» **WORK REQUEST**: Repeat every record exactly, omitting the pictures.

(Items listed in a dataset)
# # # #

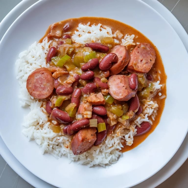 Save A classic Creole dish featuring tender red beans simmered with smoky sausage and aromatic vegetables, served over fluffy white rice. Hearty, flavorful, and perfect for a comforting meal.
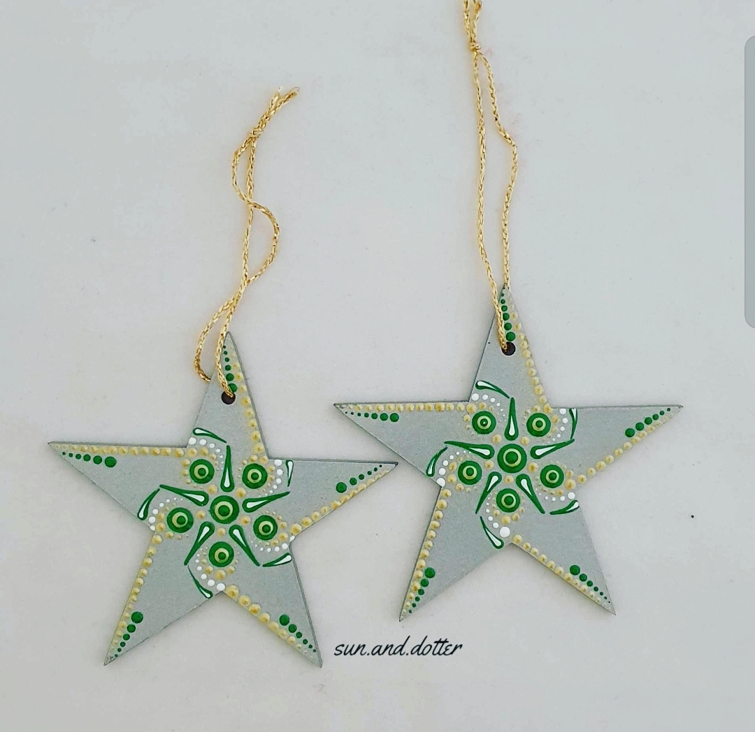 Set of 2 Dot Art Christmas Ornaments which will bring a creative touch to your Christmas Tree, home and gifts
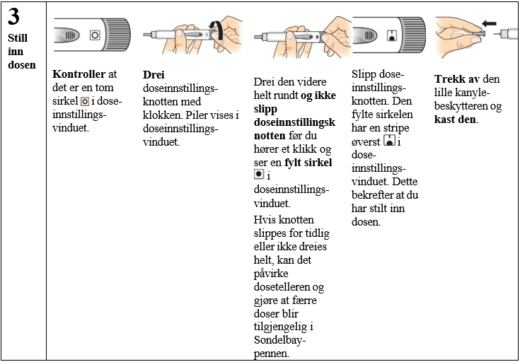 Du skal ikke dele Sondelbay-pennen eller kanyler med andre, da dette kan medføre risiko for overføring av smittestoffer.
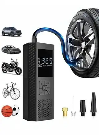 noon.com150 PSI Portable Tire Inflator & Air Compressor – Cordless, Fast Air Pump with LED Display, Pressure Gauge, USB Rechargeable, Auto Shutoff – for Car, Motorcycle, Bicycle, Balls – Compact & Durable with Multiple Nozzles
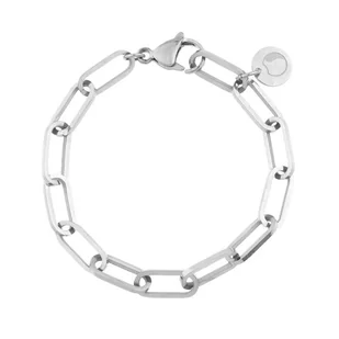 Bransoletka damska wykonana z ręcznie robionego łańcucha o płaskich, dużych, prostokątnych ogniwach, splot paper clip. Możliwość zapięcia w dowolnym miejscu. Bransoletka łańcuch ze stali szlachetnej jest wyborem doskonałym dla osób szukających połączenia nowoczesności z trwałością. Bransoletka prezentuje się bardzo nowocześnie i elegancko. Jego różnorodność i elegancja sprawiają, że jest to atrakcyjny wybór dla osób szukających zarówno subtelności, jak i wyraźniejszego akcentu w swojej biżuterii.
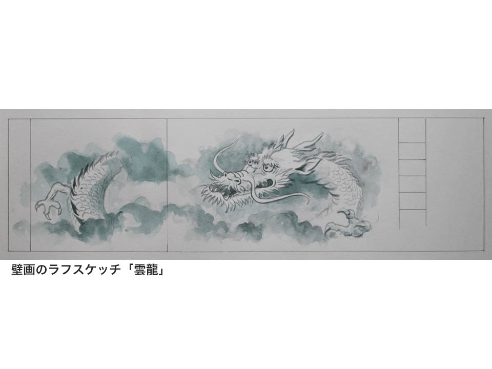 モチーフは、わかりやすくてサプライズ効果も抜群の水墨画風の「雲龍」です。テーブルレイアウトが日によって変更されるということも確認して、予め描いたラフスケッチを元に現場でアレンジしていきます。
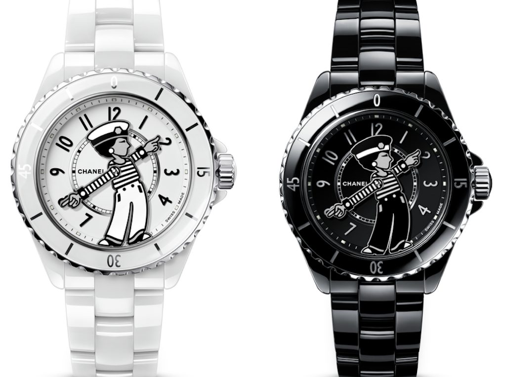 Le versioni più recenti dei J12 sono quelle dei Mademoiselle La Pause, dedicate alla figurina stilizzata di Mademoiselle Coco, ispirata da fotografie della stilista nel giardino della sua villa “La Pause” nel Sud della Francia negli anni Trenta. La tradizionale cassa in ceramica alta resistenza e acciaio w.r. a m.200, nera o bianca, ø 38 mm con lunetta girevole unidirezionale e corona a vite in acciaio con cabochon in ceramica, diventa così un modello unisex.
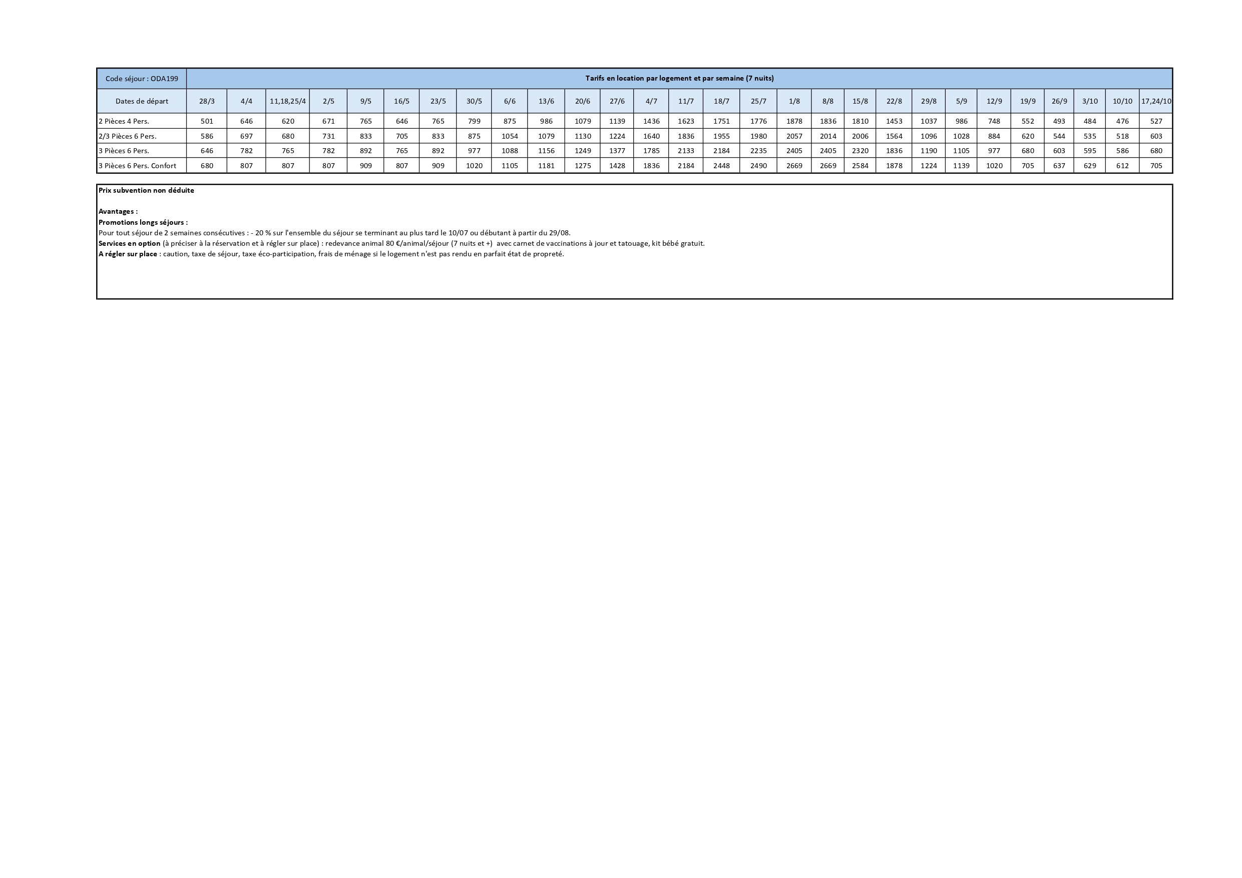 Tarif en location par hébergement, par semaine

# # # #

» **ANSWER SECTION**:
 Save A classic Creole dish featuring tender red beans simmered with smoky sausage and aromatic vegetables, served over fluffy white rice. Hearty, flavorful, and perfect for a comforting meal.
 Set of 2 Dot Art Christmas Ornaments which will bring a creative touch to your Christmas Tree, home and gifts
 Du skal ikke dele Sondelbay-pennen eller kanyler med andre, da dette kan medføre risiko for overføring av smittestoffer.
 noon.com150 PSI Portable Tire Inflator & Air Compressor – Cordless, Fast Air Pump with LED Display, Pressure Gauge, USB Rechargeable, Auto Shutoff – for Car, Motorcycle, Bicycle, Balls – Compact & Durable with Multiple Nozzles
 Bransoletka damska wykonana z ręcznie robionego łańcucha o płaskich, dużych, prostokątnych ogniwach, splot paper clip. Możliwość zapięcia w dowolnym miejscu. Bransoletka łańcuch ze stali szlachetnej jest wyborem doskonałym dla osób szukających połączenia nowoczesności z trwałością. Bransoletka prezentuje się bardzo nowocześnie i elegancko. Jego różnorodność i elegancja sprawiają, że jest to atrakcyjny wybór dla osób szukających zarówno subtelności, jak i wyraźniejszego akcentu w swojej biżuterii.
 モチーフは、わかりやすくてサプライズ効果も抜群の水墨画風の「雲龍」です。テーブルレイアウトが日によって変更されるということも確認して、予め描いたラフスケッチを元に現場でアレンジしていきます。
 Le versioni più recenti dei J12 sono quelle dei Mademoiselle La Pause, dedicate alla figurina stilizzata di Mademoiselle Coco, ispirata da fotografie della stilista nel giardino della sua villa “La Pause” nel Sud della Francia negli anni Trenta. La tradizionale cassa in ceramica alta resistenza e acciaio w.r. a m.200, nera o bianca, ø 38 mm con lunetta girevole unidirezionale e corona a vite in acciaio con cabochon in ceramica, diventa così un modello unisex.
 Tarif en location par hébergement, par semaine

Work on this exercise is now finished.